L'art francais de la guerre
«Qu’est-ce qu’un héros ? Ni un vivant ni un mort, un être qui pénètre dans l’autre monde et qui en revient.» À la lumière de cette citation de Pascal Quignard, on mesure mieux la personnalité du capitaine Victorien Salagnon, personnage central et ambigu de ce gros roman, et le dialogue qu’il noue avec un jeune homme désoeuvré, reclus dans la banlieue lyonnaise, qui passe son temps à trafiquer ses arrêts de travail, à faire l’amour, à boire et à regarder des films de guerre. L’ex-parachutiste raconte avec un mélange d’horreur et de pudeur, à son cadet fasciné, les conflits où il a servi. En échange, il l’initie au maniement de l’encre.

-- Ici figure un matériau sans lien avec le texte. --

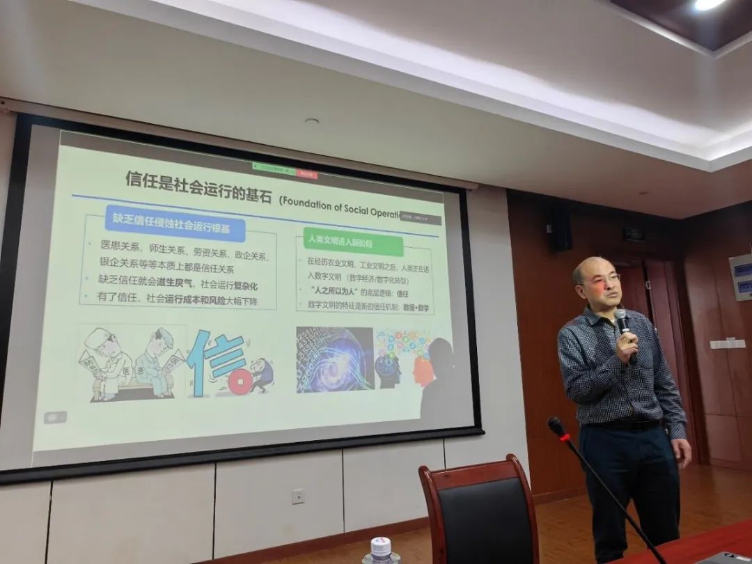 华东师范大学金澈清教授作题为《区块链赋能数据要素流通》报告。首先,基于国家和上海市地方战略,指出数据已成为新时代的重要能源,在推动社会进步和经济发展方面扮演着重要角色以及数据作为第五生产要素的重要性。其次,指出区块链技术在处理数据流通过程中面临着安全与隐私保护、数据存储、交易执行以及共识协议等方面的挑战,并讲述了在这些领域的科研进展。最后,提出区块链技术在实现数据要素流通方面的巨大潜力。报告过后,金澈清教授与到场师生针对该领域的研究内容进行了深刻的互动交流。三位专家的报告内容丰富,深入浅出,让人受益匪浅。三位专家的精彩报告不仅拓展了听众的学术视野,也让大家更加了解了相关领域的前沿技术和最新研究动态。本次CCF走进上海电力大学学术交流活动为师生们提供了与学术界相关领域专家面对面学习交流的机会,促进了各兄弟院校之间的合作与交流,更是作为本校与CCF以及CFF数据库专委进一步深入合作的桥梁,为数据驱动的安全与智能应用相关研究提供了宝贵的科研思路和研究方法。参会师生与讲者交流

L’Art français de la guerre : un titre bien rébarbatif, où Alexis Jenni, né en 1963, et dont c’est le premier ouvrage, parcourt vingt-neuf ans de colonisation française. L’Indochine, le Viêtnam, l’Algérie. On pourrait croire à une réflexion sur l’absurdité des conquêtes, si l’auteur ne portait son récit à des hauteurs spirituelles, avec un style parfait d’équilibre. Il va plus loin que Camus, lequel n’envisageait pas une Algérie non française.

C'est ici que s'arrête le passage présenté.